The first element that characterizes some of these formations is conflictuality. Their growth and, in a certain sense, the legitimacy of movements that are sometimes structured in real parties – Vox in Spain, Golden Dawn in Greece, Alternative für Deutschland in Germany – derive from a lineup in the opposition, from the choice of an antagonism frontal towards the “system,” the European institutions, the “power.” What they express is a generic antagonism, which fails to specify itself in specific formulas and objectives but which directs social anger towards the desire for “radical change.” The consonance with the language of certain sections of the more radical Left is surprising but it would not be correct to derive a summary judgment of homogeneity and mutual approval.
The “change” invoked by this New Right, in fact, goes in the direction of the restoration of a presumed ancient order rather than in the construction of a new order, however confused and unspecified. In the speeches and on the platforms the ancestral reference to the values of Tradition, of the Nation, of Religion recurs, interpreted as absolute imperatives to be defended against those who threaten them or simply problematize them. In this perspective, conflict is physiological, and constitutes the necessary feature of a political strategy that is based on the principle of opposition to the existing order. The enemies may vary but the privileged target remains the immigrants – with the reinforcing variable of the “Muslims” – the LGBTQI + community, the “globalists” such as Soros and the Jews. The culture wars often mentioned in the research develop from hate campaigns against these groups. If only for this reason, the hypothesis of the recoverability of these formations in the democratic game appears very naïve. As would be deemed suspect any strategy of proximity – if not of alliance – with these groups by forces that claim to act within the framework of the democratic order.

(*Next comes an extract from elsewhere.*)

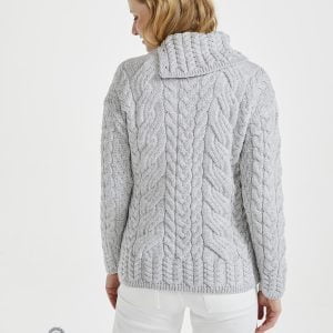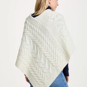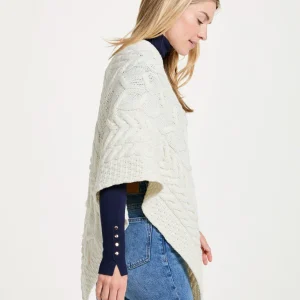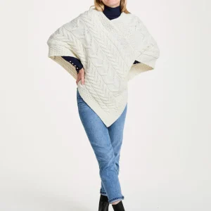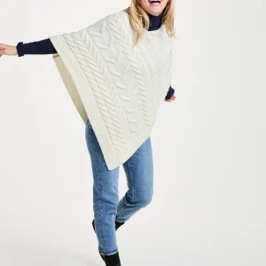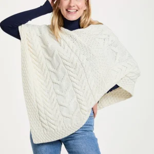 A classic shaped triangular poncho in a two-colour herringbone pattern throughout, with relaxed cowl neck, fastened at the left shoulder and side with traditional shanked football buttons and finished with a solid colour at the edge. Standard length and one size. Knitted in luxurious 100% Merino, 5 gauge.

The second element is populism, understood as a palingenetic reference to a recognized and celebrated “people,” as opposed to the institutions of representative democracy. In this narrative – which as is well known also in Italy has found wide consensus – the “people” is attributed a miraculous and cathartic function, capable of releasing energies that the political system cages in closed, corporate and selective enclosures. The degeneration of the forms of politics – clientelism, abuse of power, corruption – is certainly a real fact that runs through the democratic systems of the five continents. And it is true that in a democracy power belongs to the “people,” as we read in the Italian or the United States Constitution. The problem, however, is how this sovereignty of the “people” can and should be exercised. The Italian formula is well known: “in the forms and within the limits of the Constitution,” that is, it is within the framework of a system of rules that specifies the procedures through which the abstract principle of sovereignty is concretized and can be concretely developed. As a reaction to these constraints, populisms are born and developed on the wave of simplified ideas and mediated by charismatic guides who end up being their exclusive and venerated interpreters. The paradox is precisely this: populism invokes the “people” but ultimately relies on the “leader,” on the individual who ends up interpreting the popular will. The theme is not new and refers to the tradition of charismatic authoritarianism that has played so much in the history of European fascisms.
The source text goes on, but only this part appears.